======== Materials provided

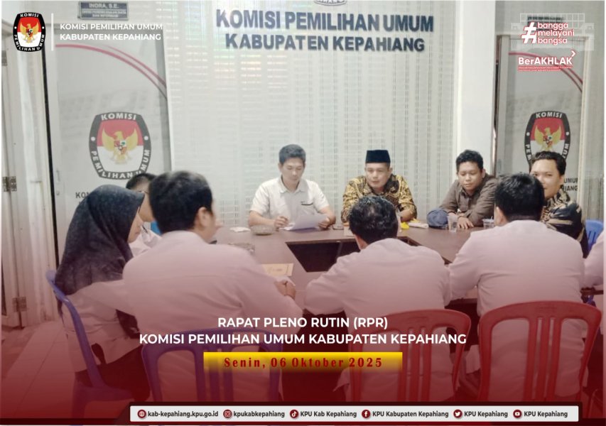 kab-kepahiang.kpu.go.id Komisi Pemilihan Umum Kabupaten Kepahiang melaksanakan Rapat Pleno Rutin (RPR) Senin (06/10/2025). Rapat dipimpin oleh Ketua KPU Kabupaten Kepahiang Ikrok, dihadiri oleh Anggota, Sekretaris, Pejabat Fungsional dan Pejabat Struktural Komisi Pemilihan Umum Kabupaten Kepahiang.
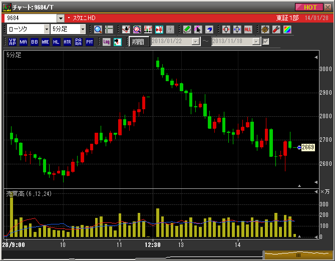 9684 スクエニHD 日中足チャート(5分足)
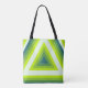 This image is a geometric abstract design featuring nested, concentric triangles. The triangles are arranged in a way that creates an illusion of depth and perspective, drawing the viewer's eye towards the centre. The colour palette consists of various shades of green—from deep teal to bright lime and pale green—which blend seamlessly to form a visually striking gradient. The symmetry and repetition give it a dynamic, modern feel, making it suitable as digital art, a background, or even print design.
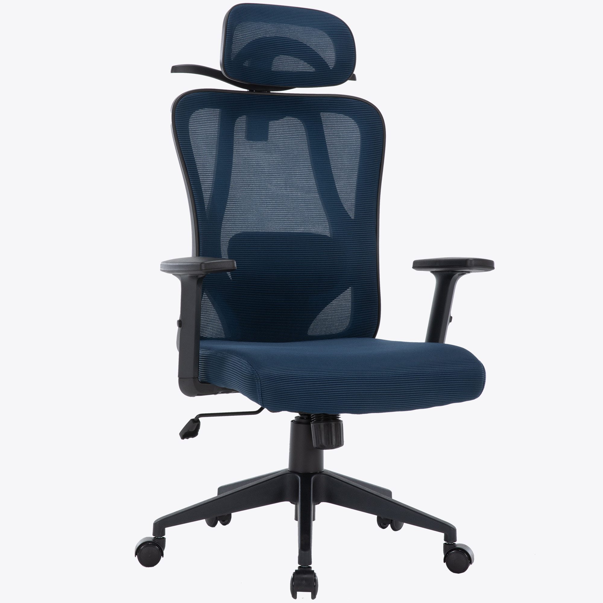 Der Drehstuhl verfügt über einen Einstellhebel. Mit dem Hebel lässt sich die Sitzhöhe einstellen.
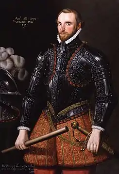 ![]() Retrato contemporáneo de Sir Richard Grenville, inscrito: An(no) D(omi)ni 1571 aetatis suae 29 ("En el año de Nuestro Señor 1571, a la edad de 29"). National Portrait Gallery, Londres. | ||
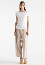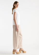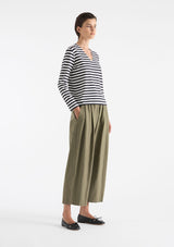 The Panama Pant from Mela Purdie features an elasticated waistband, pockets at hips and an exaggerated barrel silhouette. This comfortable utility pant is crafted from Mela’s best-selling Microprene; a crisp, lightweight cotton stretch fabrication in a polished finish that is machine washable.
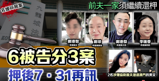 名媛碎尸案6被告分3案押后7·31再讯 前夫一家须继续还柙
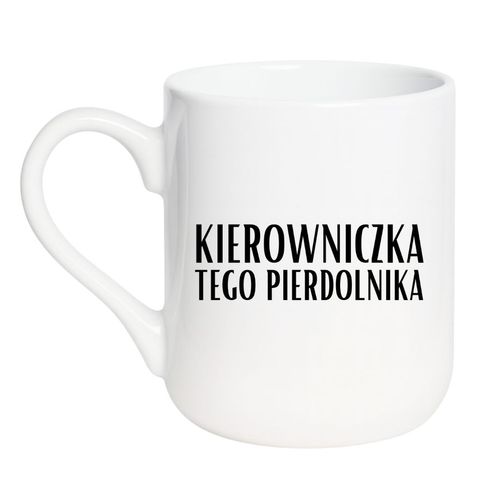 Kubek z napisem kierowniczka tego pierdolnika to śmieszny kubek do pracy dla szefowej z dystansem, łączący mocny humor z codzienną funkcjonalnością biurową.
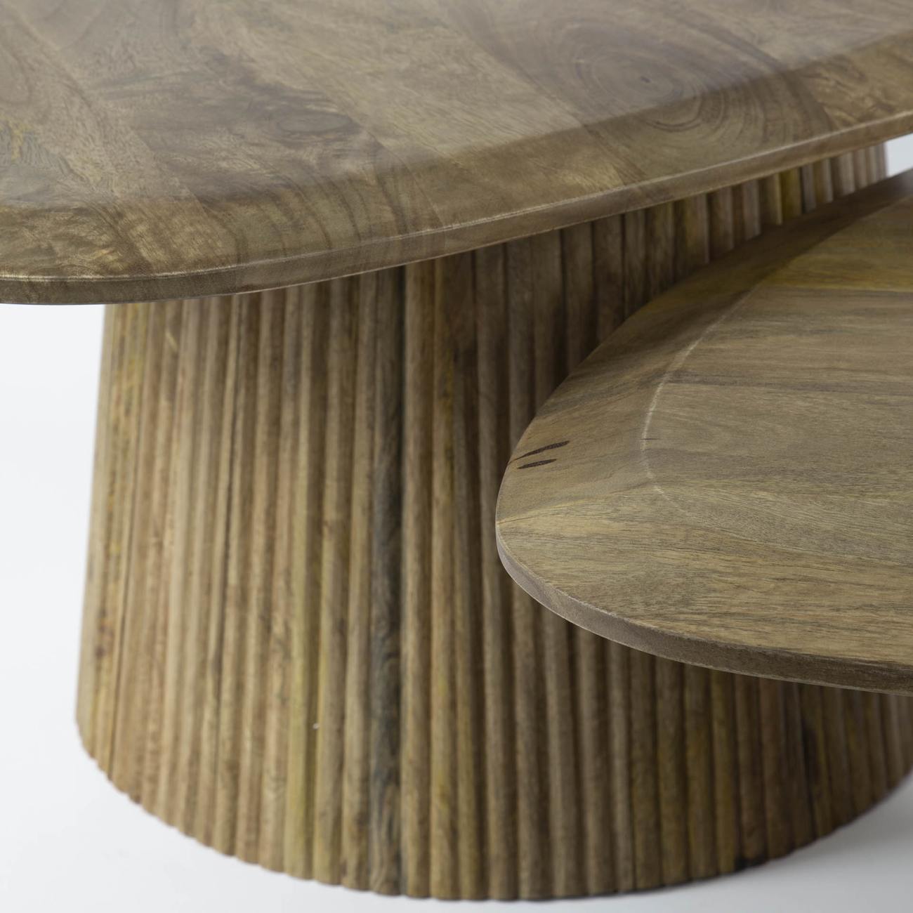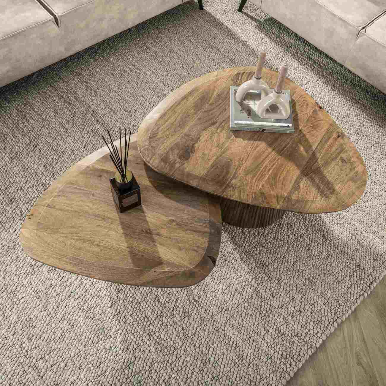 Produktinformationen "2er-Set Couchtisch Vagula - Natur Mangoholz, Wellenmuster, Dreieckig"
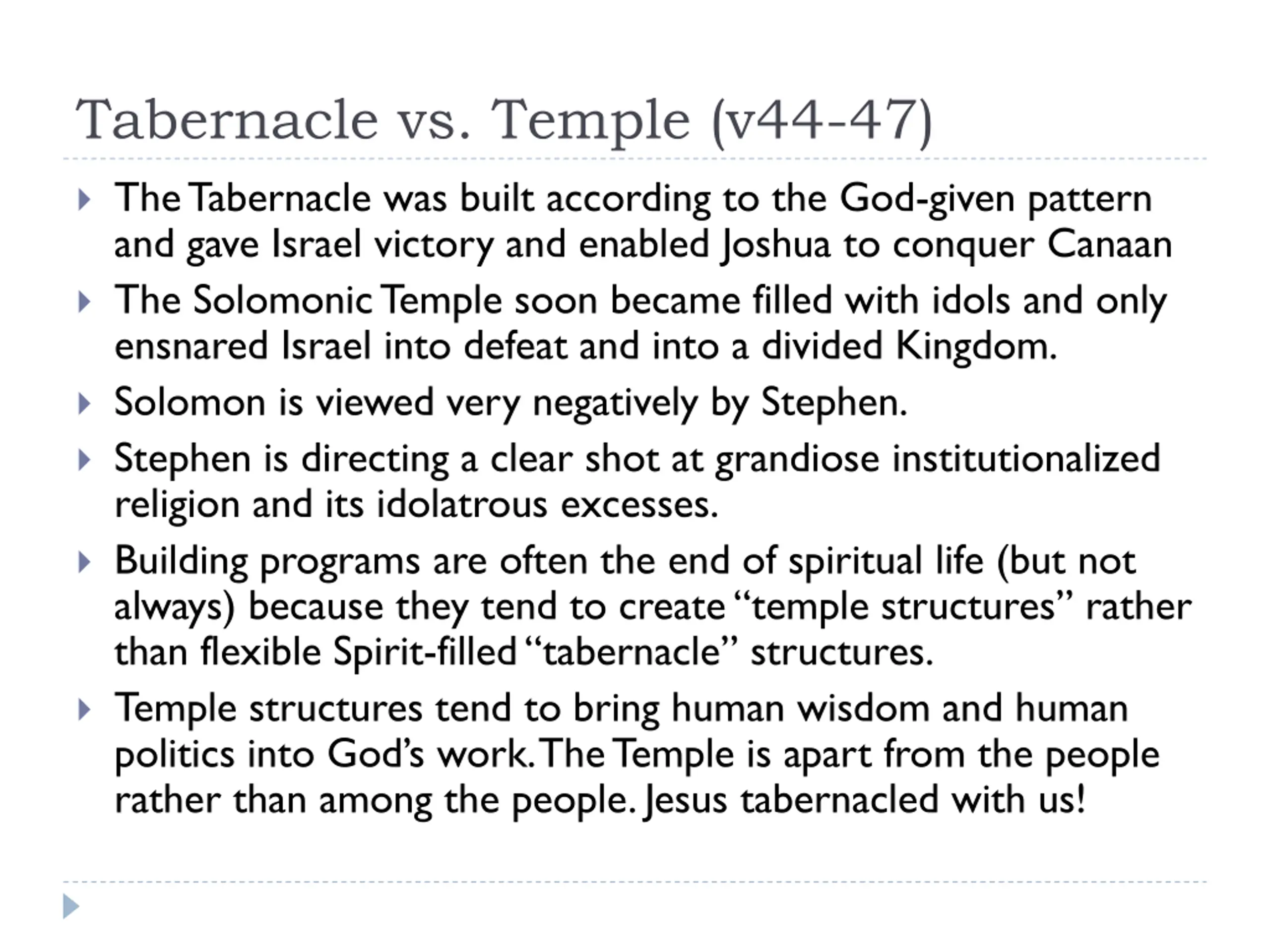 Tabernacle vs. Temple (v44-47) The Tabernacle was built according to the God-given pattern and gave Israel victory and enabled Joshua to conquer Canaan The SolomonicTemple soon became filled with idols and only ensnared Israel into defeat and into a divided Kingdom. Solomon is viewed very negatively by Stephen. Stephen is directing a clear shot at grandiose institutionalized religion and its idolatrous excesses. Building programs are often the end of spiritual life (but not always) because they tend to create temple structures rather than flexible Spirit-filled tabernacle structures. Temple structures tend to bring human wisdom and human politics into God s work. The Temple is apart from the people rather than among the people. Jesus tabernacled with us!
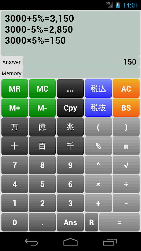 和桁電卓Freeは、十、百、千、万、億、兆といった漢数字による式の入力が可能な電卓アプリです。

================
======== Materials provided

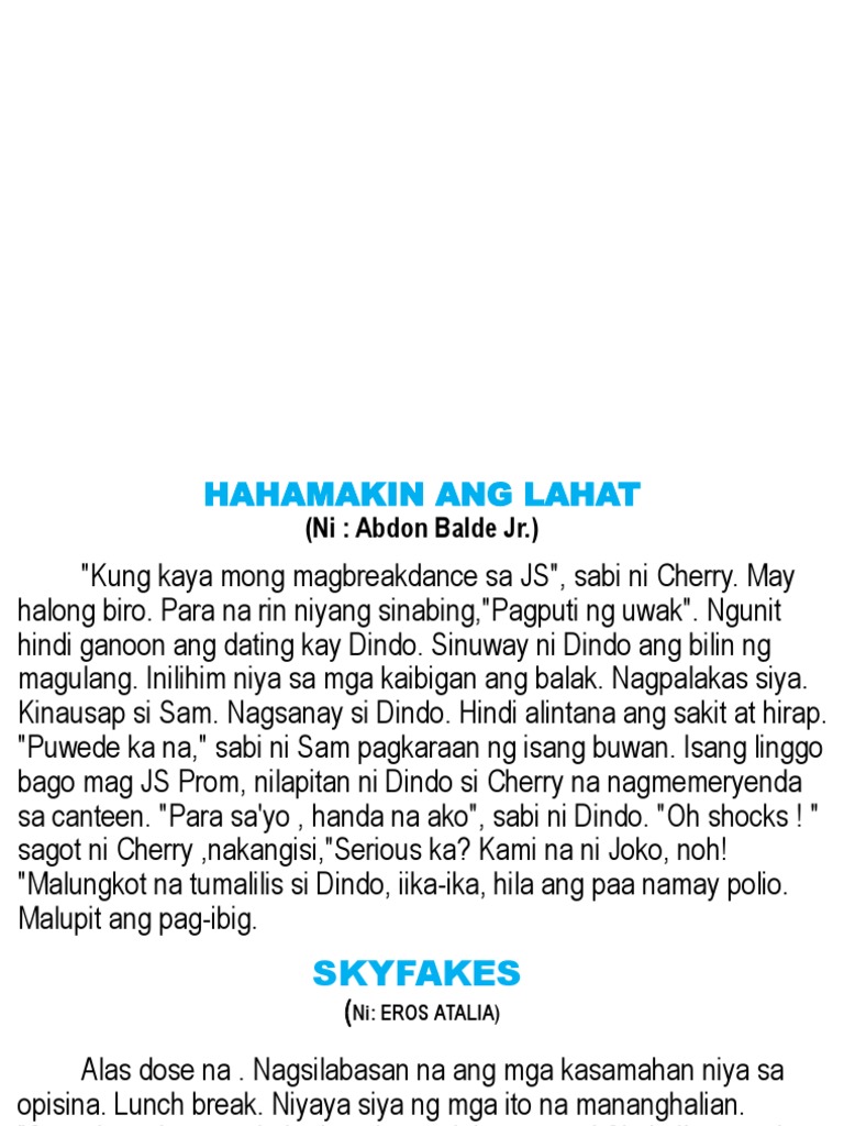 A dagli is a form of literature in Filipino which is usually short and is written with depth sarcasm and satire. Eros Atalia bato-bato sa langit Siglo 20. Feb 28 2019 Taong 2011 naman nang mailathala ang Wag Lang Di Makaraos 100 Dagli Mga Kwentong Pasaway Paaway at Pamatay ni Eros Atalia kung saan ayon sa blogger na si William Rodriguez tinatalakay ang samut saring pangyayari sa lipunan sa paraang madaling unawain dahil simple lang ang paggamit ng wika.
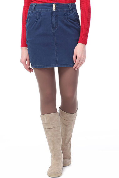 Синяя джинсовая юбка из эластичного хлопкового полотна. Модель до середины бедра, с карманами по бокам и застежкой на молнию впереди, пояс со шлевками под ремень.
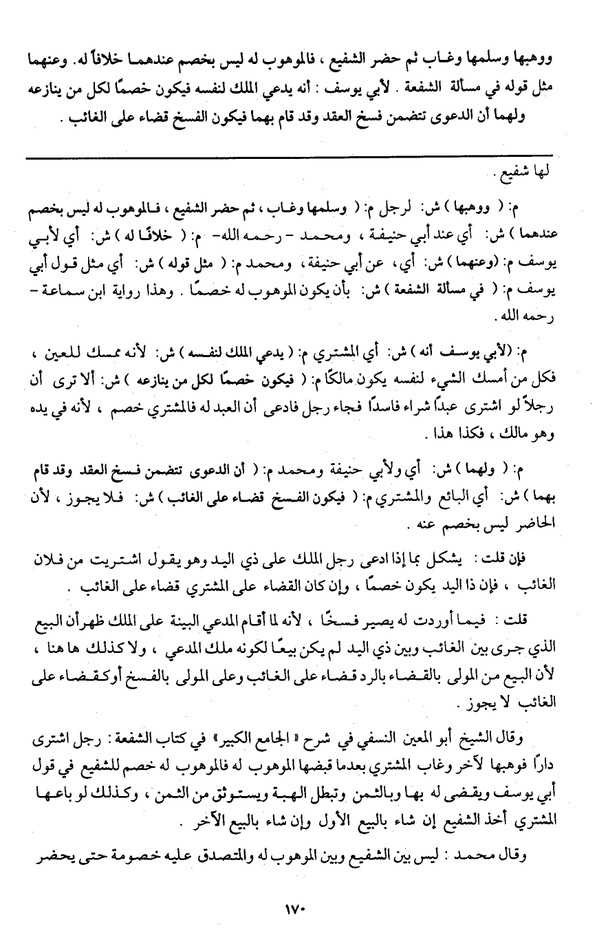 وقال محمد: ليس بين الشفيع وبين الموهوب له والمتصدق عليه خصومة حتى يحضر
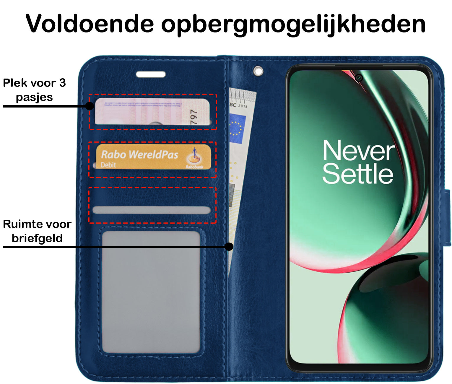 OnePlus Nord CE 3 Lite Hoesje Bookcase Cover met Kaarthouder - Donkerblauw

================
======== Materials provided

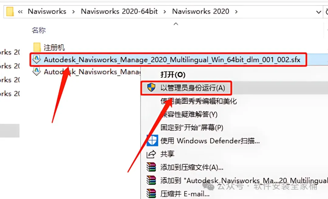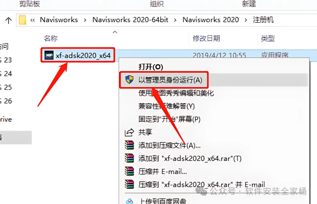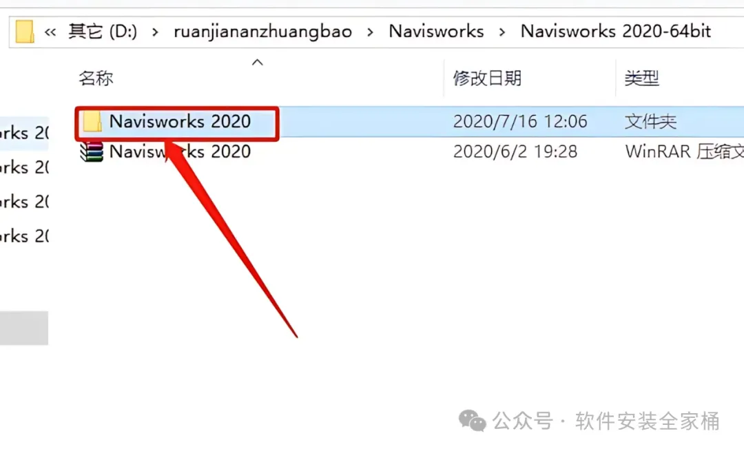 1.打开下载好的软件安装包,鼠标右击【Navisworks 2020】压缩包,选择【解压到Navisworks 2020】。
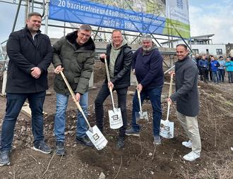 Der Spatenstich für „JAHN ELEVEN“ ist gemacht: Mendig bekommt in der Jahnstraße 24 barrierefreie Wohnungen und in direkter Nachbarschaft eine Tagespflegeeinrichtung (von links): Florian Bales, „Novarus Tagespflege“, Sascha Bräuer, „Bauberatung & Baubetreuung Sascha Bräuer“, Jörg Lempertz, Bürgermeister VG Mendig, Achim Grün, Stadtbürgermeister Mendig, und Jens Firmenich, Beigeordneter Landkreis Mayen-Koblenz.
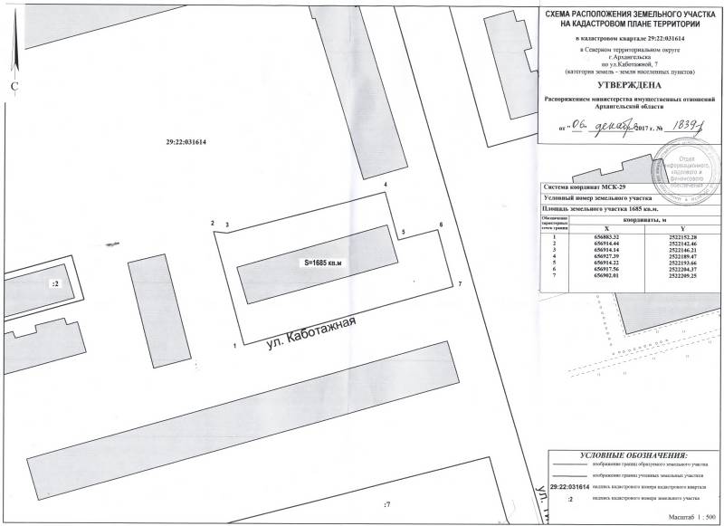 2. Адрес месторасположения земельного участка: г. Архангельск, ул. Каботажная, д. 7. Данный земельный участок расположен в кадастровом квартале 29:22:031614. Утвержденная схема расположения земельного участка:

================

**Problem to work on**
In the listing above, find the line containing "The Panama Pant" and the line containing "和桁電卓Freeは、十、百、", then print exactly those two lines and every line between them, minus the pictures.

**Written answer**
 The Panama Pant from Mela Purdie features an elasticated waistband, pockets at hips and an exaggerated barrel silhouette. This comfortable utility pant is crafted from Mela’s best-selling Microprene; a crisp, lightweight cotton stretch fabrication in a polished finish that is machine washable.
 名媛碎尸案6被告分3案押后7·31再讯 前夫一家须继续还柙
 Kubek z napisem kierowniczka tego pierdolnika to śmieszny kubek do pracy dla szefowej z dystansem, łączący mocny humor z codzienną funkcjonalnością biurową.
 Produktinformationen "2er-Set Couchtisch Vagula - Natur Mangoholz, Wellenmuster, Dreieckig"
 Tabernacle vs. Temple (v44-47) The Tabernacle was built according to the God-given pattern and gave Israel victory and enabled Joshua to conquer Canaan The SolomonicTemple soon became filled with idols and only ensnared Israel into defeat and into a divided Kingdom. Solomon is viewed very negatively by Stephen. Stephen is directing a clear shot at grandiose institutionalized religion and its idolatrous excesses. Building programs are often the end of spiritual life (but not always) because they tend to create temple structures rather than flexible Spirit-filled tabernacle structures. Temple structures tend to bring human wisdom and human politics into God s work. The Temple is apart from the people rather than among the people. Jesus tabernacled with us!
 和桁電卓Freeは、十、百、千、万、億、兆といった漢数字による式の入力が可能な電卓アプリです。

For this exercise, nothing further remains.